Data provided ->

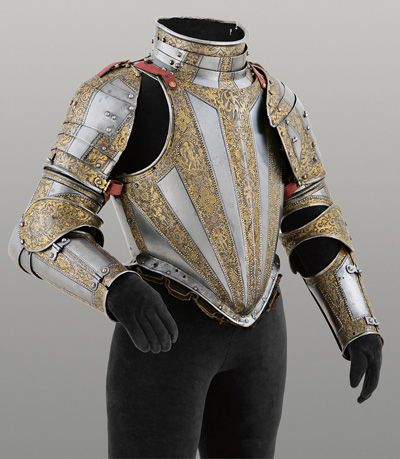 Kolman Helmschmid, German, c. 1470–1532, Armor of Emperor Charles V, Augsburg, c. 1525, etched and gilt steel, leather, Patrimonio Nacional, Real Armería, Madrid
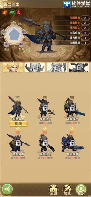 一阶转职:通关关卡1-3、王城等级lv7、王城等级lv10。
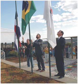 Deputado João Bittar, prefeito Joaquim e vereador José Maria Hasteiam bandeiras (no detalhe), na abertura da inauguração da Unidade do Lar Solidário de Sacramento
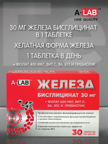 БАД Железо бисглицинат+фолат+вит С, В6, В12 и пребиотик, 30 таблеток

Task ->
The expected output is an exact retyping of the lines from the line with "Deputado João Bittar, prefeito" through the last line of the data, with both ends kept and the pictures dropped.

Answer section ->
 Deputado João Bittar, prefeito Joaquim e vereador José Maria Hasteiam bandeiras (no detalhe), na abertura da inauguração da Unidade do Lar Solidário de Sacramento
 БАД Железо бисглицинат+фолат+вит С, В6, В12 и пребиотик, 30 таблеток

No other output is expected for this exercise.